Kudos to CACC member Dr. Varsha Vimalananda for her proposal to form a CACC workgroup that developed the paper on this topic.

The paper was written by a nine-member panel of US endocrinologists with expertise in telehealth clinical care, telehealth operations, patient-centered care, healthcare delivery research, and/or evidence-based medicine. The panel identified and vetted research studies published since 2000 on telehealth in endocrinology. Dr. Vimalananda served as the lead author of the paper.

The resulting policy perspective focuses on five aspects of care that are used for determining appropriateness of telehealth care:

  • Clinical factors, including whether an in-person physical exam or assessment is needed;
  • Patient factors, such as geographic distance to the clinic, access to transportation, work and family obligations, and comfort level with technology;
  • Patient-clinician relationship;
  • Clinician’s physical surroundings and personal circumstances; and
  • Availability of infrastructure needed to provide quality telehealth services.

The paper also lays out a series of considerations for deciding whether telehealth is appropriate, and how such a decision might affect the quality of care (see graphic).

Endocrinology, in general, is well suited to telehealth, since often the physical exam is neither diagnostic nor prognostic and can be completed virtually. Even conditions that require frequent visits—such as newly initiated insulin therapy or diabetes mellitus treatment in pregnancy —can be appropriately managed via telehealth with remote access to patient-generated health data, the paper notes.

Furthermore, telehealth offers certain advantages to patients, especially those who face geographical or personal barriers to accessing in-person care. In such circumstances, fully in-person care is not likely to be feasible, effective, or patient-centered, and telehealth is an appealing option.

Our panel concluded that endocrine care moving forward is likely to involve a hybrid of in-person and telehealth visits, and thus the decision to use telehealth for any given patient will not be made at a single time point but rather considered in a longitudinal context.

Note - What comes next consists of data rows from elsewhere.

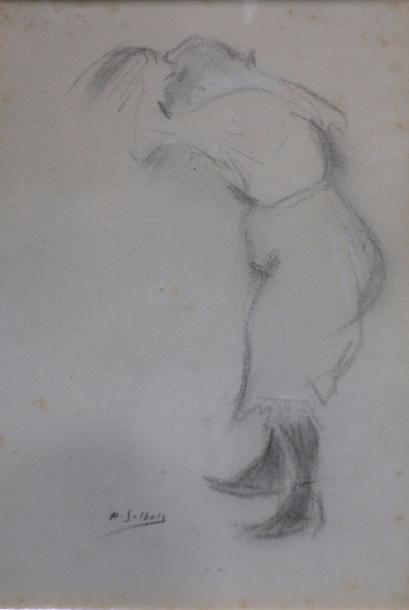 Etude de femme se coiffant
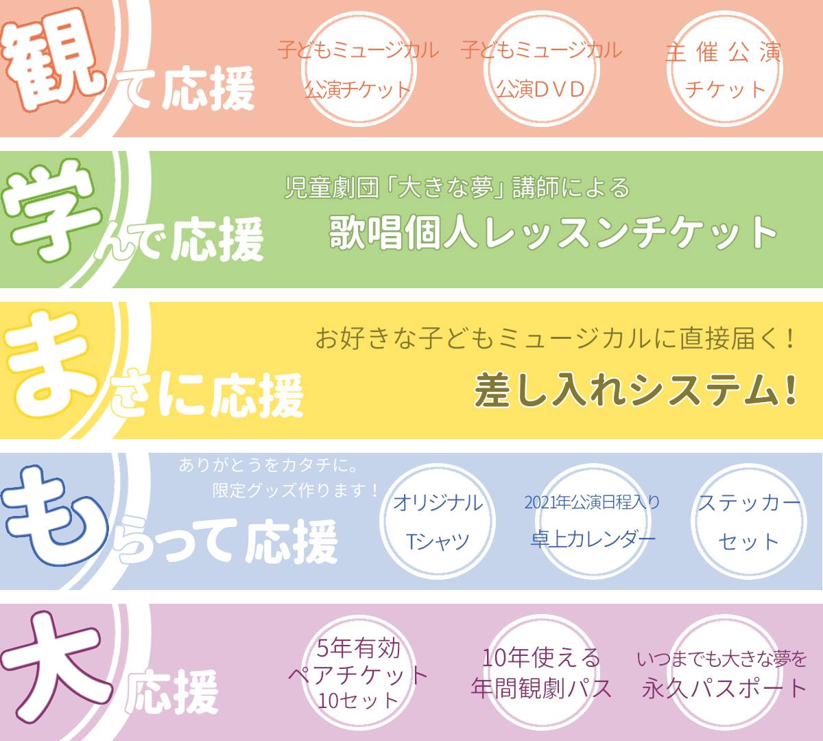 ・リターンに含まれる映像・音源ならびにすべての著作物に関する権利は、児童劇団「大きな夢」に帰属いたします。私的利用の範囲外でのご利用はご遠慮ください。
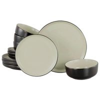 my home Столовый сервиз Madeline (12-tlg), 6 Personen, Porzellan, Geschirr, trendige Coupeform, handgemalte, schwarzes Liniendekor

The paper also acknowledges that more research is necessary to develop a robust evidence base for future guideline development.

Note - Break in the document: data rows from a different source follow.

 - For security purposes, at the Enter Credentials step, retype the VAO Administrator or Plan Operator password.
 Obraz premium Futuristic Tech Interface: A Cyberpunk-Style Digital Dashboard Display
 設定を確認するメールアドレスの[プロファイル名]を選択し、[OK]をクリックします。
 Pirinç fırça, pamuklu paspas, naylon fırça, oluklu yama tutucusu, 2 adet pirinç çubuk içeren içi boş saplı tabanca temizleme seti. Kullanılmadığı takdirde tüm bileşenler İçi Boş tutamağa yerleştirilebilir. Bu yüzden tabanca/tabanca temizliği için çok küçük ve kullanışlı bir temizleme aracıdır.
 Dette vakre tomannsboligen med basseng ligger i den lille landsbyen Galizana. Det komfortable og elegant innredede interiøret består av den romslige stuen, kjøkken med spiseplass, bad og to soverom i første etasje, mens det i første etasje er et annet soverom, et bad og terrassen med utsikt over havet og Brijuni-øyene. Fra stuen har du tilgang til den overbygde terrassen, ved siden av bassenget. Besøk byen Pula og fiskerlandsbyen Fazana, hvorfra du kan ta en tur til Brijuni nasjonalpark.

Carrying Out Society’s Mission to Improve Patient Health and Wellbeing

On another important front, telehealth has proven to be an effective tool for addressing health disparities, which is a key part of our Society’s mission. Studies show that expanded access to telehealth services ensures that patients from underserved populations also receive the care they need.

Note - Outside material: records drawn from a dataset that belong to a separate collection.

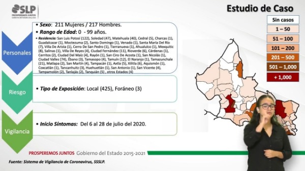 Sobre los nuevos 428 casos positivos a coronavirus, se detalló que se trata de 211 mujeres y 217 hombres, en un rango de edad de 0 a 99 años, entre los pacientes, un bebéde menos de 15 días de nacido; mismos que tienen como residencia 122 en la capital potosina; 47 en Soledad de Graciano Sánchez; 40 en Matehuala; cinco en Cedral; uno en Charcas; uno en Guadalcazar; dos en Moctezuma; uno en Santo Domingo; uno en Venado; siente en Santa María del Río; uno en Villa de Arista; uno en Cerro de San Pedro; unos en Tierra Nueva; uno en Ahualulco; ocho en Mexquitic; uno en Salinas; cuatro en Villa de Reyes; 11 en Ciudad Fernández; seis en Rioverde; uno en Cárdenas; dos en Cerritos; cuatro en Ciudad del Maíz; uno en Rayón; uno en San Ciro de Acosta; uno en San Nicolás Tolentino; 74 en Ciudad Valles; tres en Ébano; cuatro en Tamasopo; 12 en Tamuín; uno en El Naranjo; 21 en Tamazunchale; dos en Matlapa; cuatro en San Martín Chalchicuautla; uno en Tampacán; cinco en Axtla de Terrazas; seis en Xilitla; uno en Aquismón; uno en Coxcatlán; tres en Tancanhuitz; uno en Huehuetlán; uno en San Antonio; cuatro en San Vicente; dos en Tampamolón Corona; dos en Tanlajás; cinco en Tanquián de Escobedo; y cuatro de otros estados.
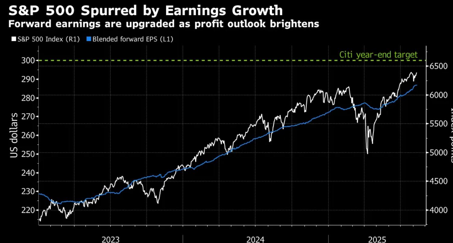 在这份看涨美股的研报中,花旗策略师团队将标普500成分股的每股收益预测上调:2025年每股收益由此前的261美元升至272美元,2026年每股收益由295美元上调至308美元。花旗的策略师们写道,更高的利润预测并未引发对估值假设的实质性大规模调整。对于更长期的美股牛市展望,他们预计标普500指数将在2026年年中升至6,900点,较当前水平再上涨约8%。
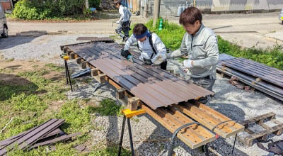 和やかな雰囲気のお昼がおわり、午後からは屋根を仕上げていきます!
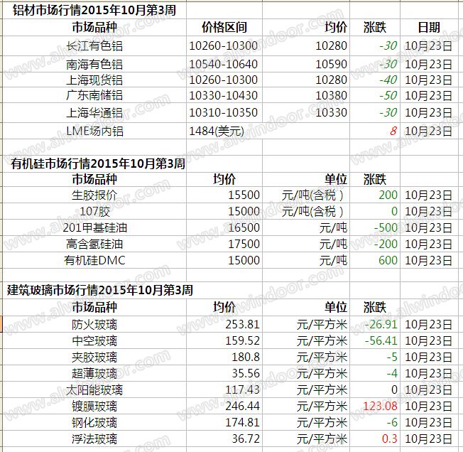 此原材料價格由中國幕墻網收集整理,僅供參考!

A recent Government Accountability Office (GAO) report, for example, found that the proportion of Medicare beneficiaries utilizing telehealth services was similar across racial and ethnic groups.

Audio-only telehealth — which allows endocrinologists to provide care to patients who do not have the necessary technology needed to access virtual care — provides greater access for patients in rural and underserved populations.

Not only will this paper be an important resource for our members, it also will serve as a guide for care delivery that benefits underserved populations.

Congressional Action Needed to Continue Telehealth Access

For all the reasons above, ensuring and expanding access to telehealth has become an important advocacy priority for the Society.

The COVID-19 Public Health Emergency (PHE) put in place waivers that expanded access to telehealth services. The PHE is expected to continue through the end of the year. But Congress will need to pass legislation extending these telehealth exemptions after PHE ends.

The Society has been a leading voice on the issue and have worked hard to educate lawmakers and congressional staff on the need to expand telehealth access.

We urge Congress to pass legislation extending telehealth exemptions for two years. We also call for lawmakers to make the coverage and payment of audio-only services permanent and to relax the originating site requirements, which would ensure that patients can receive telehealth from home.

This will continue to be a major priority for us in the months ahead.